The American economy right now is a disaster. That isn’t simply Donald Trump rallying the troops, that is a reality. Where once the people went to work for a specific company, put in their thirty or forty years and came out on the other end to retire to a life of Reilly, a killing field now exists. And the instrument of death is not cancer, heart disease, or car accidents. The leading cause of death in economically devastated areas in the United States is now suicide.
From 1999 to 2014, suicide rates have been rising approximately 1 to 2 percent every year, according to the report by the National Center for Health Statistics at the CDC. The rise is a marked change from the previous decade when the suicide rates were going down.

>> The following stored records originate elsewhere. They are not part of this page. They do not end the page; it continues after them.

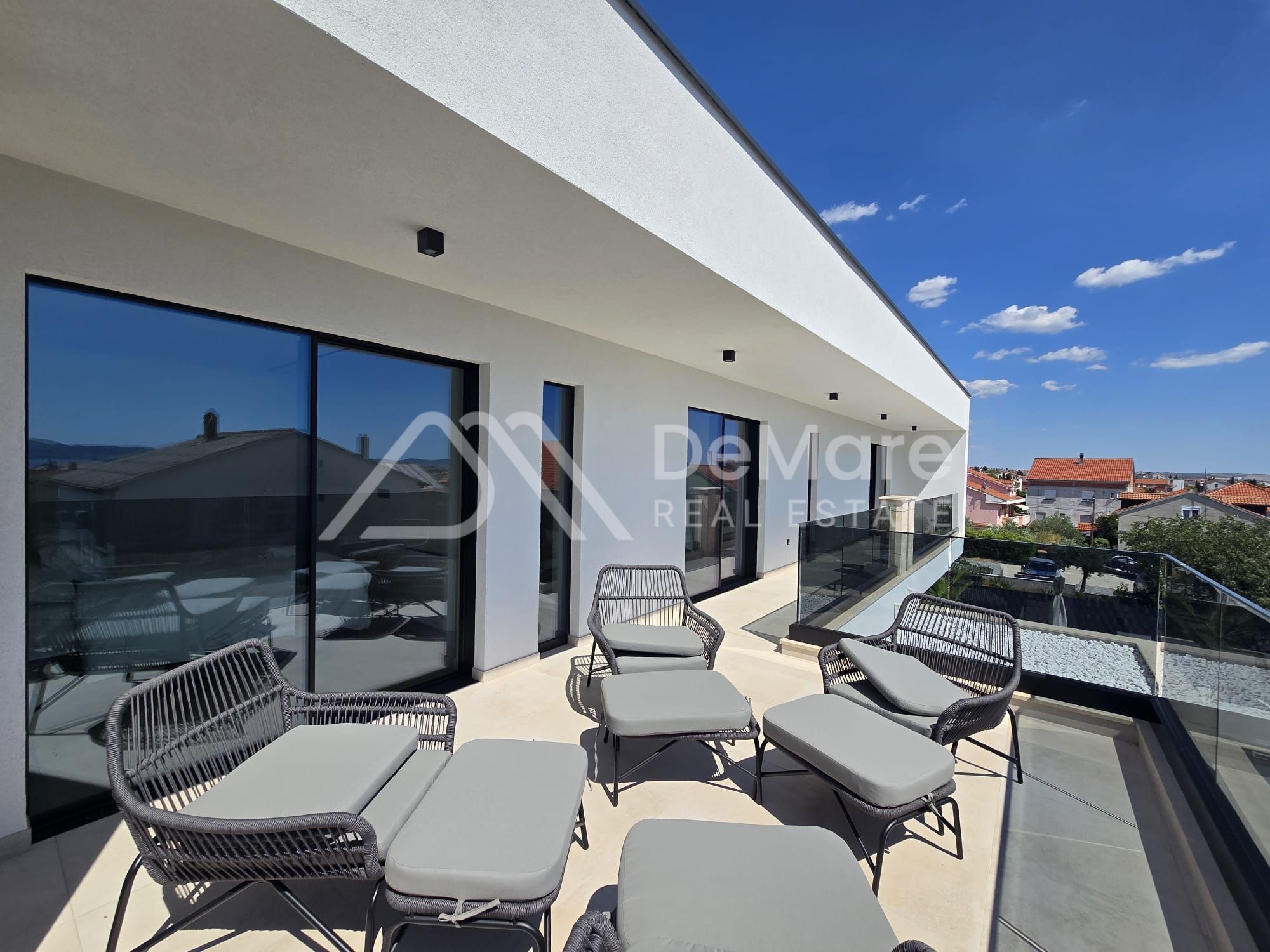 For sale is a new, beautiful, urban luxury villa with sauna, gym and heated pool in modern style, located in a quiet location in the city of Zadar, in the Petrić area.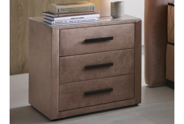 Vysoký nočný stolík s 3 zásuvkami pôsobí v priestore spálne pôsobí veľmi luxusne. Stolík je očalúnený odolnou látkou v optike lesklého zamatu v odtieni tmavo ružová. Horná plocha je pokrytá čírym bezpečnostným sklom, ktoré chráni horný povrch stolíka a umožňuje ľahkú údržbu. Tento nočný stolík sa dokonale hodí na umiestnenie k posteli s vyššou polohou lôžka.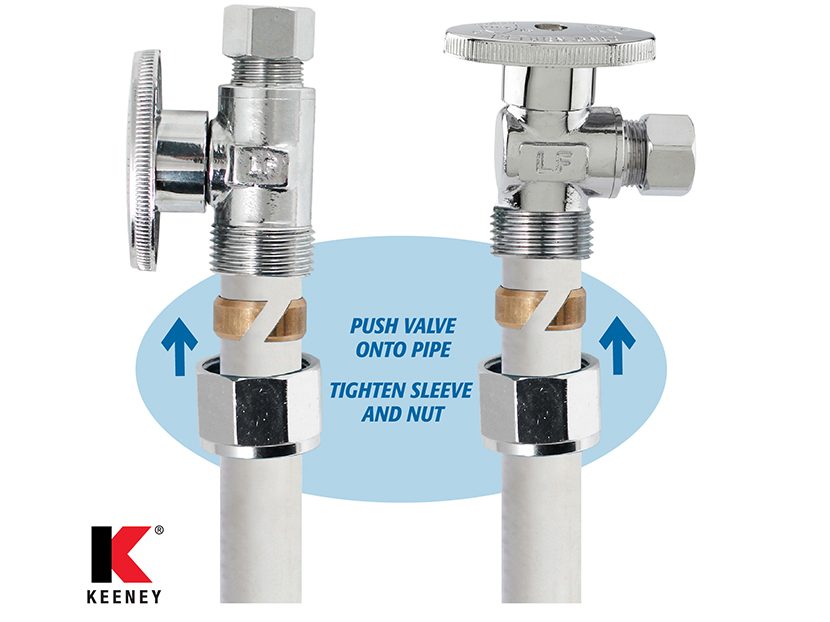 No Crimp PEX Valves are push on quarter turn valves with a compression sleeve that allows for a quick and secure connection that can be created with simple hand tools.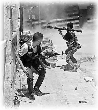 “敘利亞自由軍”向政府軍發射火箭推進式榴彈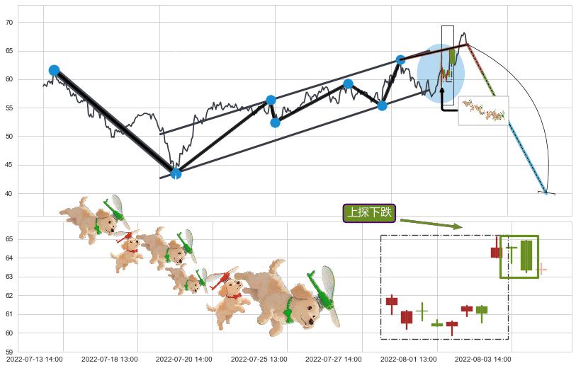 ➢ 收盘价(07-26:14: 58.88 )→回踩→第二根k线高点(07-21:13: 58.29 )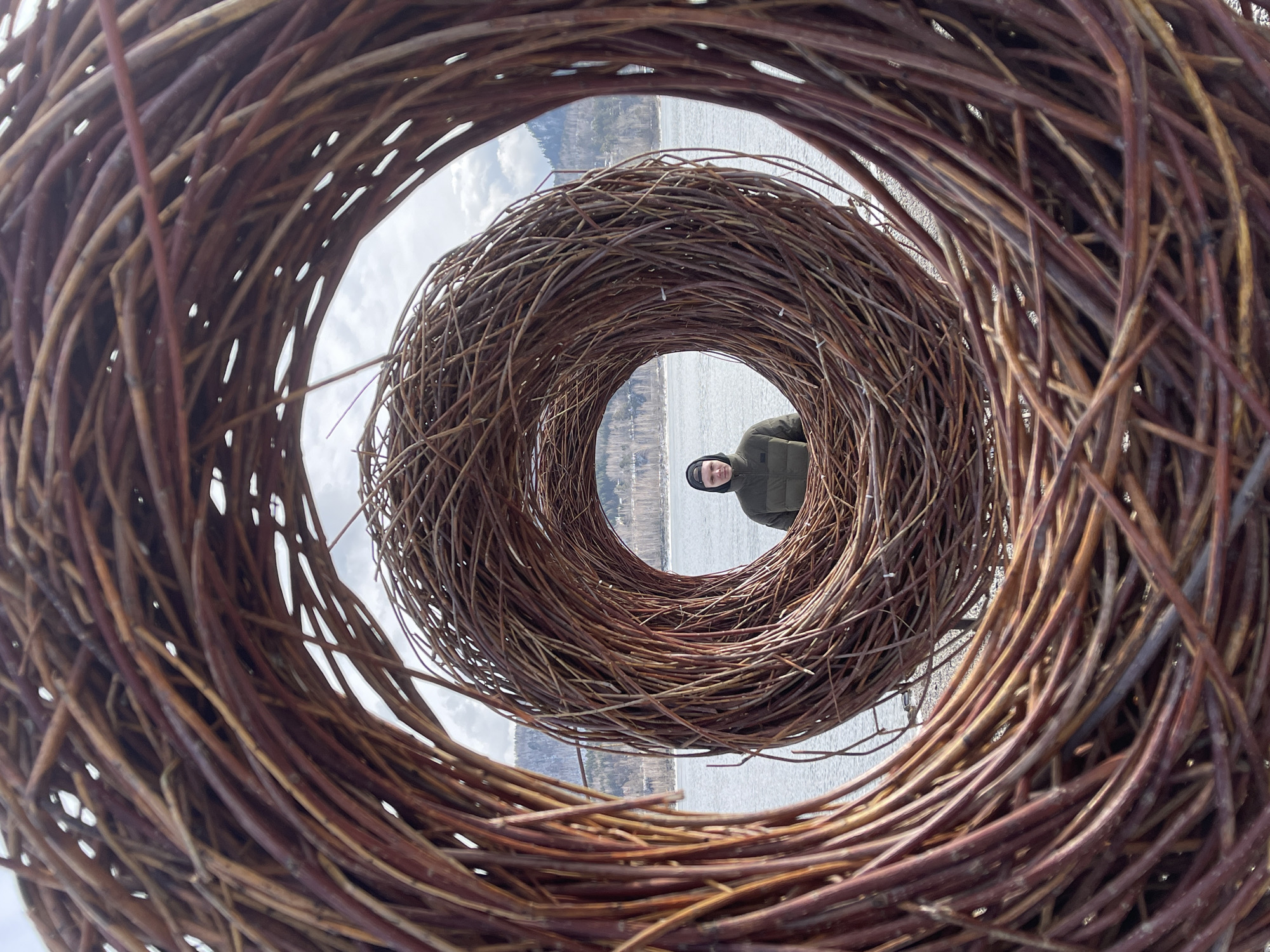 An outdoor scene on Tatyshev Island, Krasnoyarsk, Russia, features a prominent, circular art installation constructed from interwoven dark reddish-brown branches. A single male individual, wearing an olive-green hooded puffer jacket and a dark baseball cap worn backward, stands centered within the installation's circular aperture, directly facing the viewer. Beyond the aperture, the wide, grey-blue surface of the Yenisei River is visible under an overcast sky. The distant riverbank consists of forested hills with dormant or bare trees and visible patches of snow. The ground in the foreground immediately surrounding the installation is composed of light-colored gravel or dirt. A partial view of a second, similar woven structure is observed to the right of the main installation.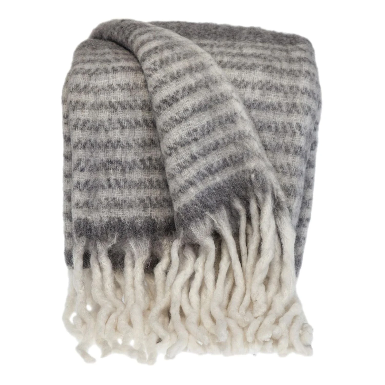 Get ready to cozy up with this Super Soft Gray and White Chevron and Striped Handloomed Throw Blanket. Hand-crafted by expert artisans, this soft and cuddly wool blend blanket with a long fringe is an ideal way to accent your space and keep warm at the same time. The beautiful chevron and striped patterns in gray and white shades will easily blend with most any decor and bring a feeling of warmth to your space. Perfect for your bed, couch, or favorite spot by the fireplace, this generous in size and fashionable throw blanket is a soft and natural way to accent your room. 67″ x 52″ x .5″.
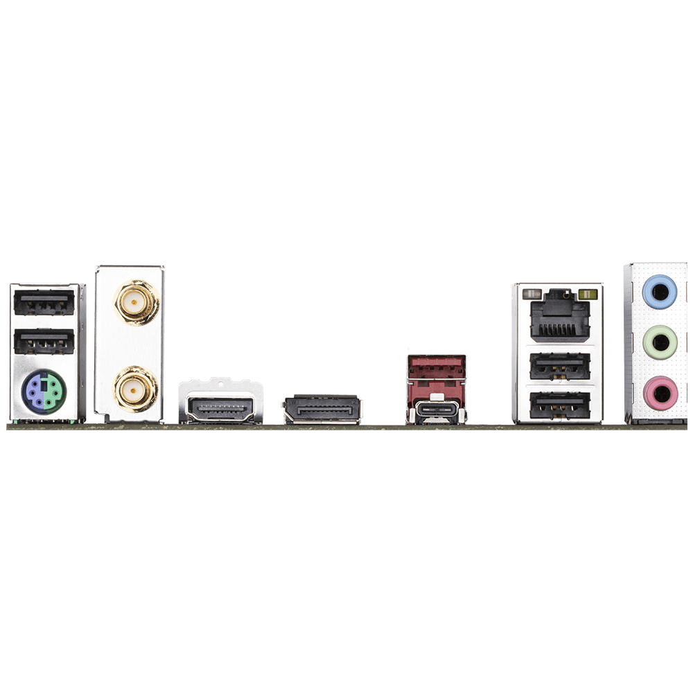 | Schnittstellen | 1 x DisplayPort 1 x HDMI 1 x USB-C 3.2 Gen2x2 1 x USB 3.2 Gen 2 2 x Antenne 4 x USB 2.0 1 x Mikrofon - Mini-Klinkenstecker 1 x Audio Line-In - Mini-Klinkenstecker 1 x Audio Line-Out - Mini-Klinkenstecker 1 x LAN (Gigabit Ethernet) 1 x PS/2-Tastatur/-maus |

The suicide rate went up 24 percent between 1999 and 2014, from 10.5 per 100,000 people to 13 per 1000,000 people, according to the CDC.
“We don’t know why. We would like to know why,” Jane Pearson, chair of the Suicide Research Consortium at National Institute of Mental Health, told ABC News. “Knowing it’s going up, we are concerned, but we are not surprised because we have seen this trend happening.”
Well, let’s see:
- Companies are laying off middle-aged workers and hiring younger sorts to keep costs down.
- The coal industry has been bankrupted to the point where mining is going to become extinct.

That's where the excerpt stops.